Many psychologists and experts dealing with children’s mental health have also weighed in on the debate, with education consultant and parenting expert Kathy Walker describing the concept of child beauty pageants as “outrageous”.
“Anyone who pretends that this sort of thing builds confidence must be deluded. It perpetuates the myth that you have to have beauty and a good body shape to be a winner in life,” she says. “These young children are not able to make informed decisions to enter this competition – it is their parents. It is disempowering and gives [kids] a message that life is about competing against each other instead of developing their own sense of self and learning to like who they are – not what they look like.”
The Royal Australian and New Zealand College of Psychiatrists’ Faculty of Child and Adolescent Psychiatry has also officially voiced its opinion, when chairman Dr Phillip Brock said that the pageant objectifies and judges children “against sexualised ideals”.
“[We] would like to emphasise the potential developmental harm that can be associated with the sexualisation of children and tweens.

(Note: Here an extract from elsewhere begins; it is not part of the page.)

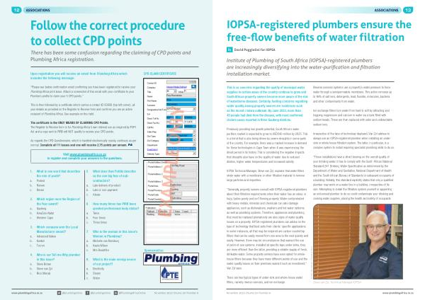 Institute of Plumbing of South Africa ( IOPSA ) -registered plumbers are increasingly diversifying into the water-purification and filtration installation market .

Sexualisation is a process whereby a child’s value is based on their appearance or behaviour to the exclusion of other characteristics, and attractiveness as a child is equated with being sexy,” he says. “There are many healthy contexts for dressing up, parading, role rehearsal and participation in school performances… where children can act out their development in an age-appropriate manner.”
What’s a mum to do?
So many parenting issues are contentious, and the beauty-pageants debate is yet another to add to the list. In the end, it’s up to you
if you want to enter your child – or yourself – in any pageant or contest.
Clinical psychologist Andrew Fuller has one request for mums and dads considering taking part in a ‘glitz’ pageant, though: do your research.
“While I’m personally not a supporter of child beauty pageants, I understand some parents may want their children to take part. If possible, attend one first purely to observe. And make sure you read the rules and conditions of entry,” he advises.